When our habits change the furniture and furnishings we surround ourselves with also change. A sad truth of modern life is that many eat their meals in the comfort of an arm chair beside the television and so demand for the dining table diminishes. A similar fate effects the secretaire and the bureau. In the age of emails and the internet few need the writing surface or book storage they provide any more.

I fully appreciate that in the modern home a large piece of ‘brown’ furniture that serves no useful purpose will not be on many lists of intended purchases, but it just seems such a shame for the poor old secretaire. What a wonderful piece of furniture it is.

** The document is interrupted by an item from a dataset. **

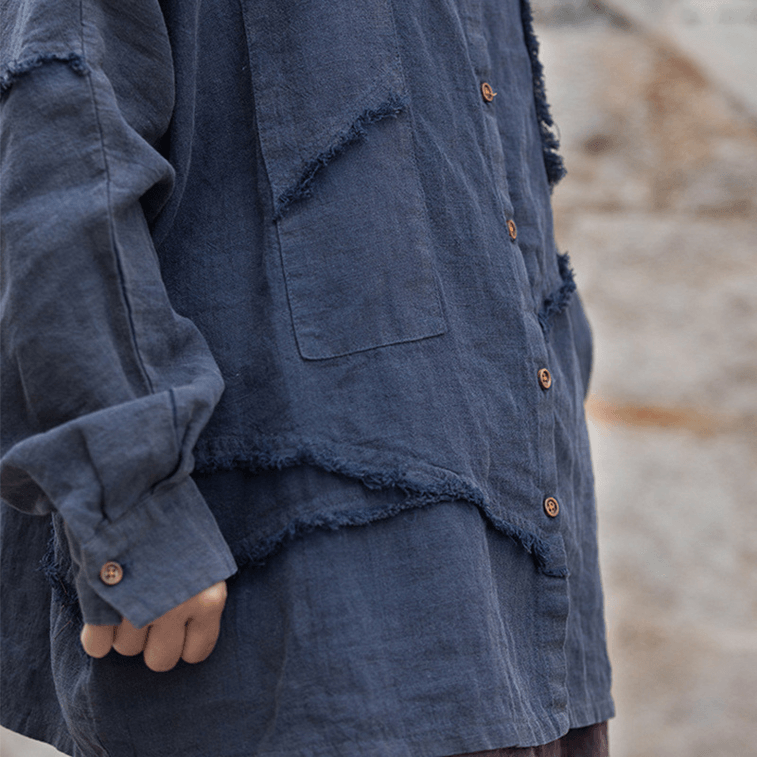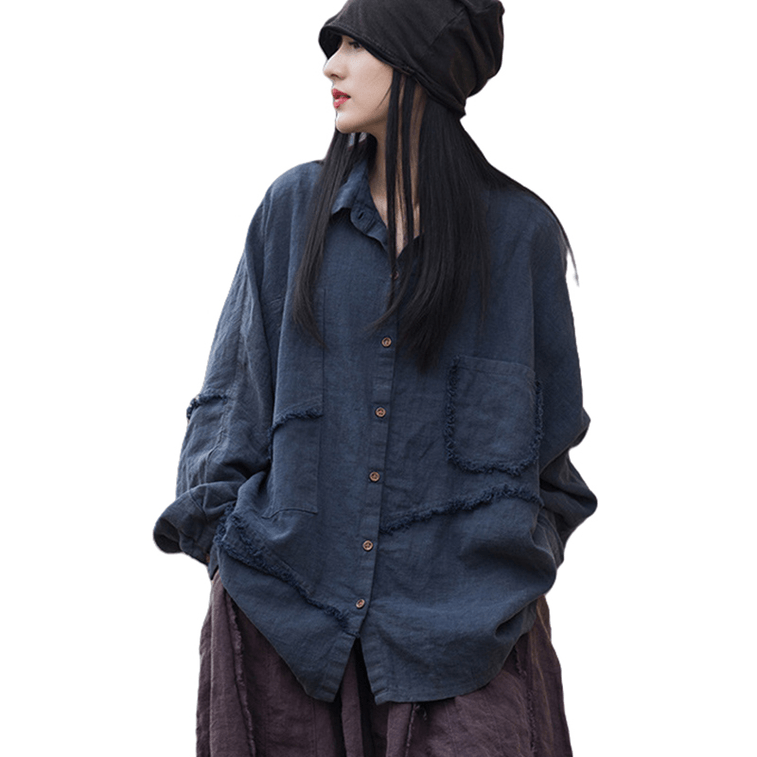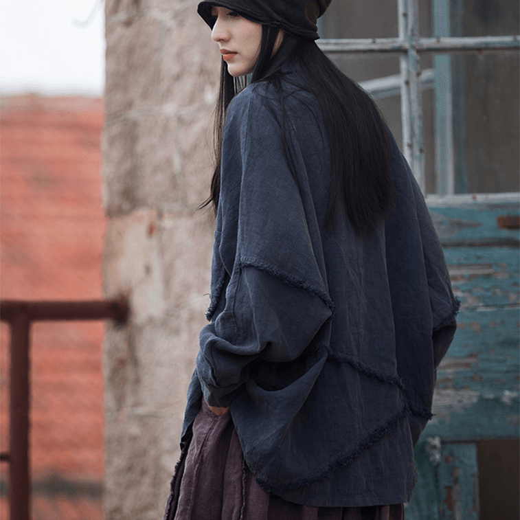 ASIS 中国風コットンとリネンのルーズスプライシング不規則なシャツジャケット、女性用 - ネイビーブルー フリーサイズ
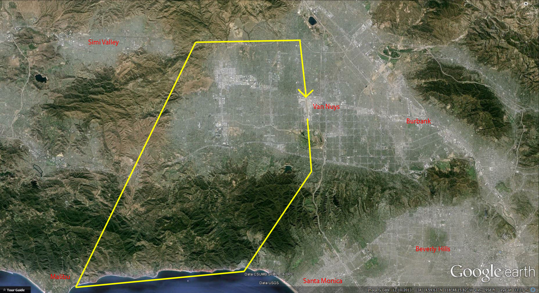 When planes based out of VNY are selling rides, they often (but not always) end up over our house at the west end of the San Fernando Valley. If they’re selling 30-minute rides as is common, out of VNY a typical route is a straight-out departure on Runway 16R, a right turn over the Santa Monica Mountains toward Malibu, a turn to the north over the Santa Suzanna Mountains, then back east along the 118 Freeway and the north edge of the Valley to VNY. The northbound leg from Malibu to Santa Suzanna Pass takes them pretty much right over us.

During the 18th century the most fashionable item of writing furniture was the bureau, but the chest with a straight fronted writing drawer continued to be an alternative. Two buttons at each side of the drawer dropped the front to reveal a writing interior every bit as exciting as that of the bureau. The secretaire drawer gradually increased in depth and the chest was often surmounted by a bookcase.

The usefulness of the secretaire bookcase or secretaire cabinet ensured that it continued to be made throughout the 19th century, with infinite variations of detail in the style of pediments, glazing patterns and surface decoration.

The French developed the secretaire à battant in the late 18th century and it is generally considered more sophisticated than the British version. It was a full, flat, fall front cabinet, resting on a chest of drawers or cupboard, often constructed as one piece rather than two separate. As with everything though, beauty is in the eye of the beholder.